As a matter of example, I'll use the Pico indentation style (four/five spaces) and bracket placement (before the first expression and after the last one.) Plus added spaces mimicking the Glib style: ¶

double
f (double t)
{ return
    sqrt (fabs (t)) + 5 * pow (t, 3); }
Sub-function of TPK algorithm re-indented in Pico style

Ugh, block scope and control flow are illegible now.

Confusing: Subscripts

A queer behavior of the standard array subscripts: the index and array parts can be swapped:

double a[11] = {0}, y;
for (int i = 0; i < 11; i++)
    scanf ("%lf", &i[a]);
Inner loop code with confusingly reversed array subscripts

This reversal is modest, but nonetheless galling.

An exercise to the reader: can you find the exact spot where the subscript is reversed?

Antiquated: K&R style

That's where the post gets shuddery. K&R style, or, as they call it, "I don't understand old C code".

double
f(t)
double t;
{ return
    sqrt (fabs (t)) + 5 * pow (t, 3); }
A function rewritten with types after the parameter list

This style

Luckily, C23 finally removes it, after more than thirty years of yielding to the horror and maintaining it in deprecated status.

Smart: Recursion

Reordering and refactoring functions is always fun. So how about turning all the for-loops into recursion? Recursion is cool, I've heard.

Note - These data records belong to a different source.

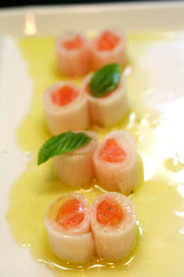 薄く剥いた大根に塩をしてしんなりさせて、さっと洗って水気をふき取り、生のサーモンを巻いて、オリーブオイル、レモン汁、クレイジーソルトを振り掛けました。
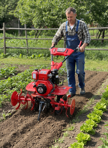 Crvena freza AgroPower sa motorom od 8.0 konjskih snaga. Pogodna je za obradu zemljišta u baštama i manjim poljoprivrednim površinama. Ima podesive ručke za lakše upravljanje i podešavanje dubine obrade.
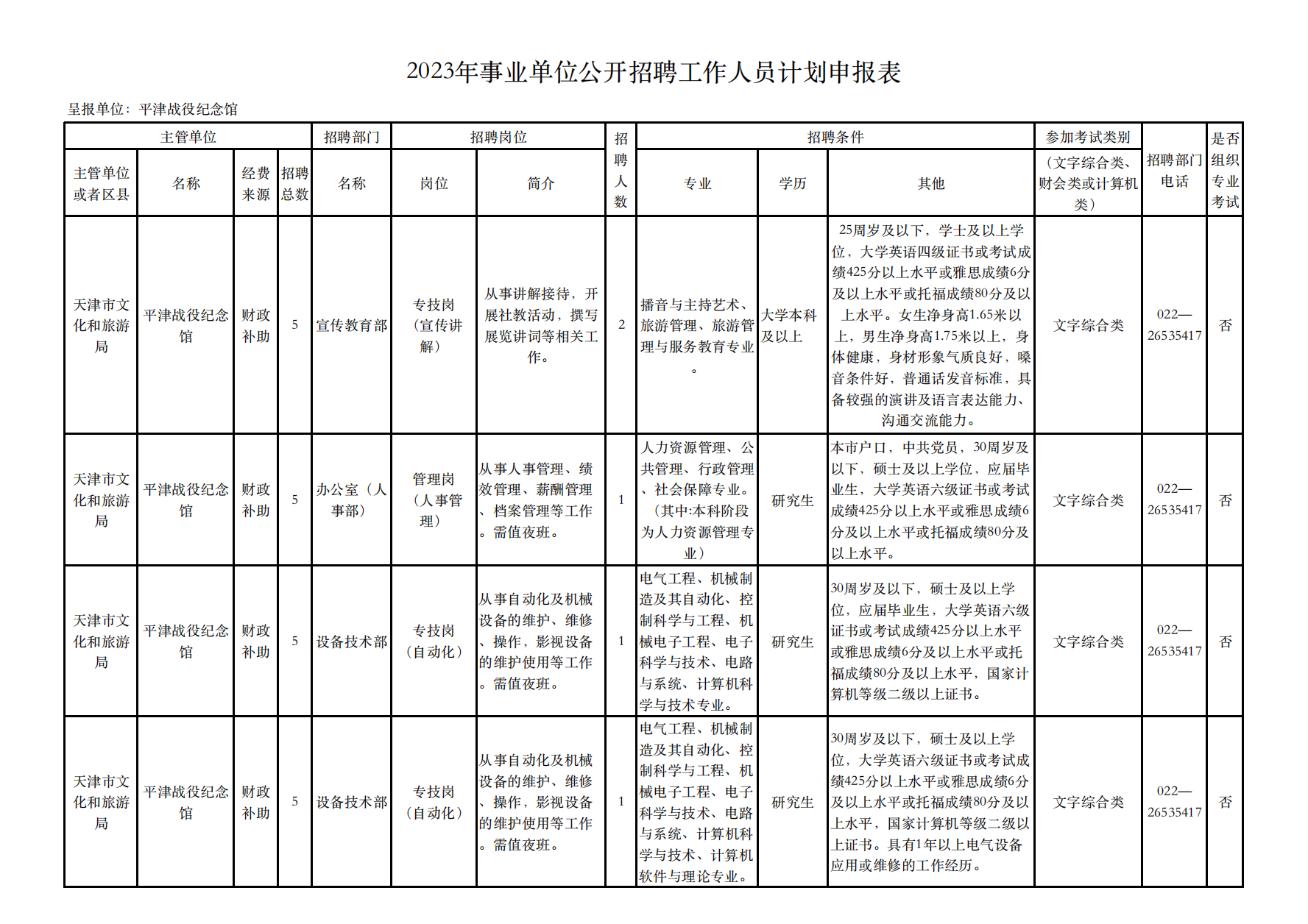 (一)招聘單位名稱:平津戰(zhàn)役紀念館。
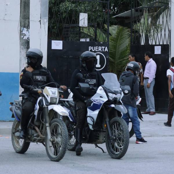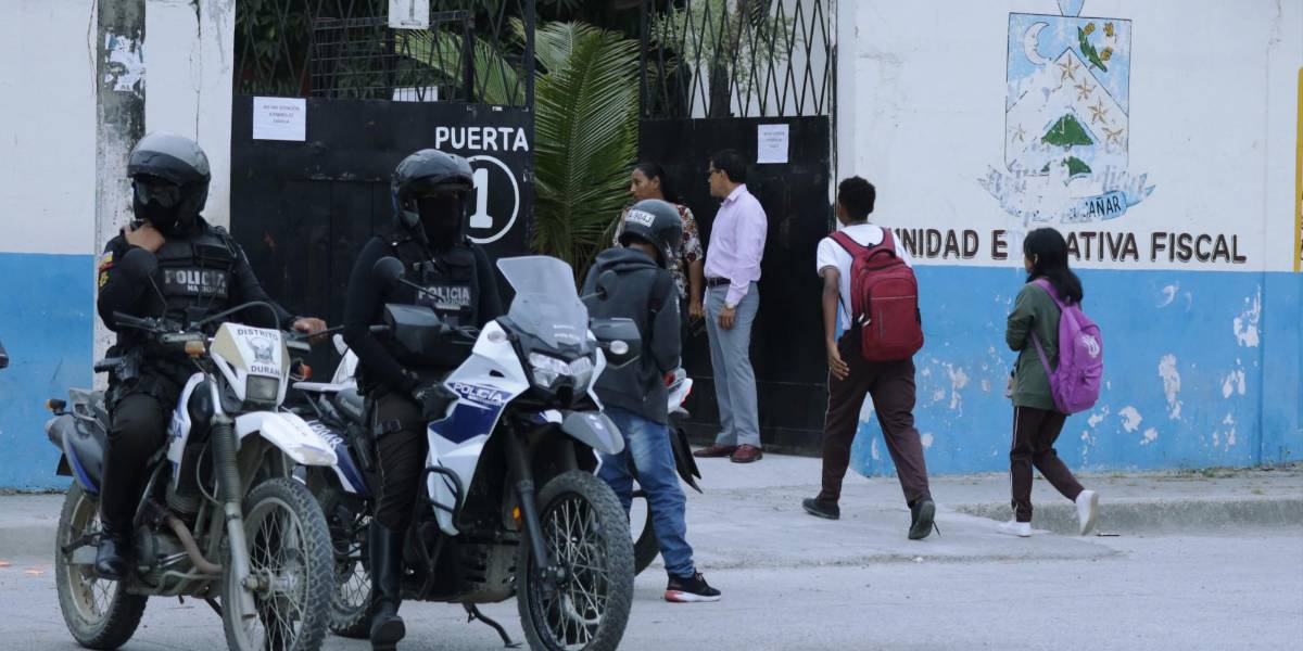 Miembros policiales brindan seguridad en los exteriores de una unidad educativa en Durán. ( )
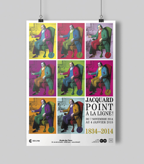 Le musée des Tissus et des Arts décoratifs de Lyon rend hommage à Jacquard et confie à Kojak Design la création du visuel de l’exposition. Pour évoquer le phénomène de démultiplication de l’image lié à l’immense succès qu’avait eu le portrait de Jacquard en 1834, au point de devenir une véritable icône, le style « Warholien » semblait tout à fait indiqué. Le visuel, partie intégrante de l’exposition, est aussi décliné sur le carton d’invitation.
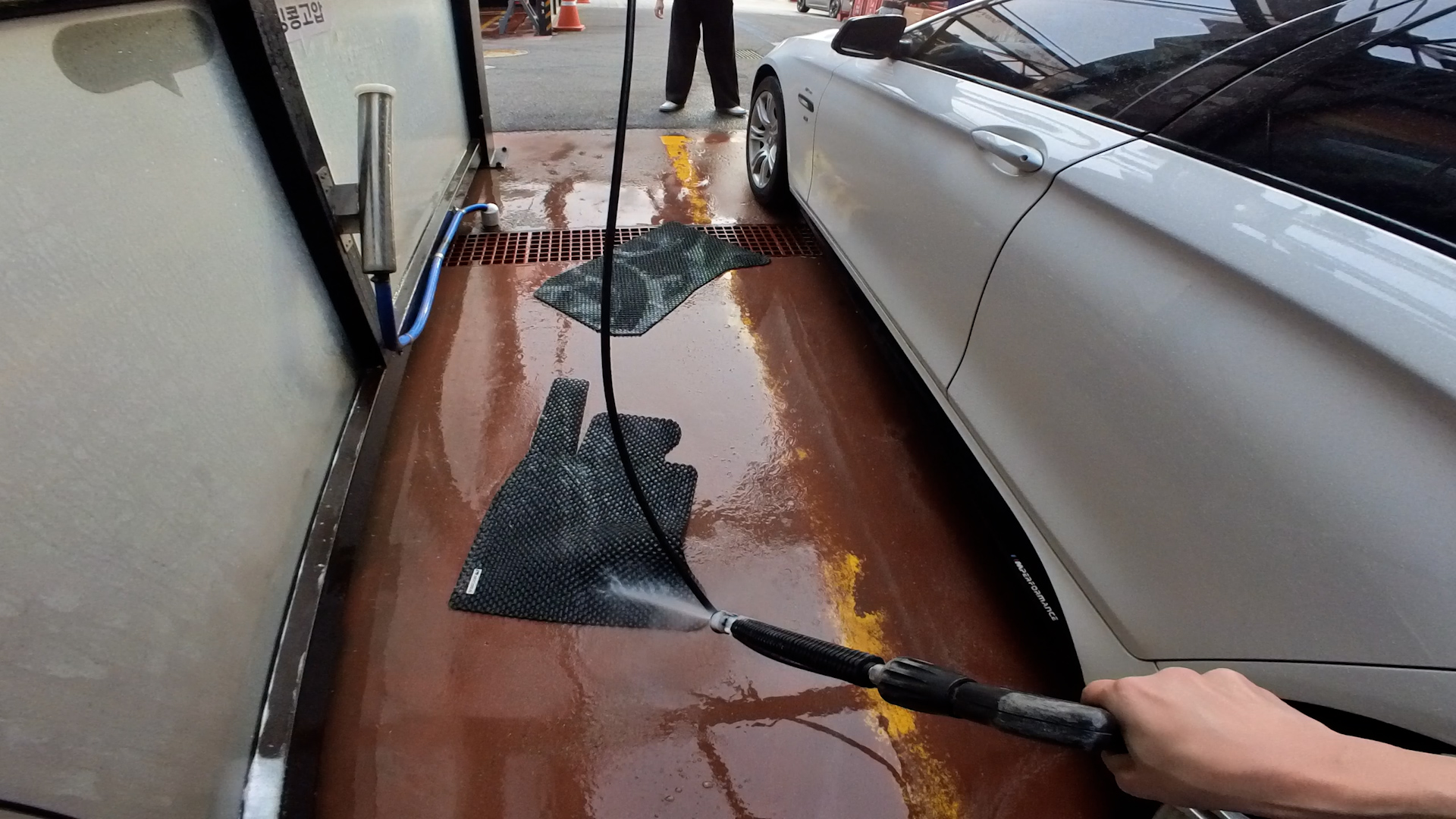 세차 전 매트먼저 물로 슉슉 뿌려주면 청소 끝.

So here's a recursive rendering of the number printing loop:

void
print_nums(a, i)
double *a;
int i;
{ if (i < 0)
         return;
     double y = f (i[a]);
     if (y > 400)
         printf ("%d TOO LARGE\n", i);
     else
         printf ("%d %.16g\n", i, y);
     print_nums (a, --i); }
Number printing loop refactored as a recursive function folded over an array

Five more code lines, lots of stack frames (unless you have tail call elimination), and overall less comprehensible control flow. Yay!

Recursion is good, actually

Like some un-aesthetic and alienating changes this page lists, recursion might be useful. It can make your algorithms simple and powerful when done right. I often use recursion when writing Lisp. But I can relate to people seeing it as vile and perplexing.

Terse: Ternaries

This is my favorite: switching from if-else to ternaries. It's shorter, expression-only, and it makes code look more daunting. And there's a rumor that compilers increase the optimization level when they see ternaries. Likely, out of regard for programmer's bravery.

void
print_nums (a, i)
double *a;
int i;
{ double y;
     (i < 0) ? 0 :
               (y = f (i[a]),
                (y > 400 ? printf ("%d TOO LARGE\n", i) :
                           printf ("%d %.16g\n", i, y)))
               print_nums (a, --i); }
Code with if statements replaced with ternaries

If only comma operator allowed for variable declaration (wink wink C standard committee), this function might've had no double y in it either. But, for now, let this stateful statement stay there.

Ternaries are good, actually

I like the ternary-formatted code because it forces a side effect-less algos where I want it to. It's even more useful in other C-like languages because they have less restrictive blocks and more abstractions compatible with functional style.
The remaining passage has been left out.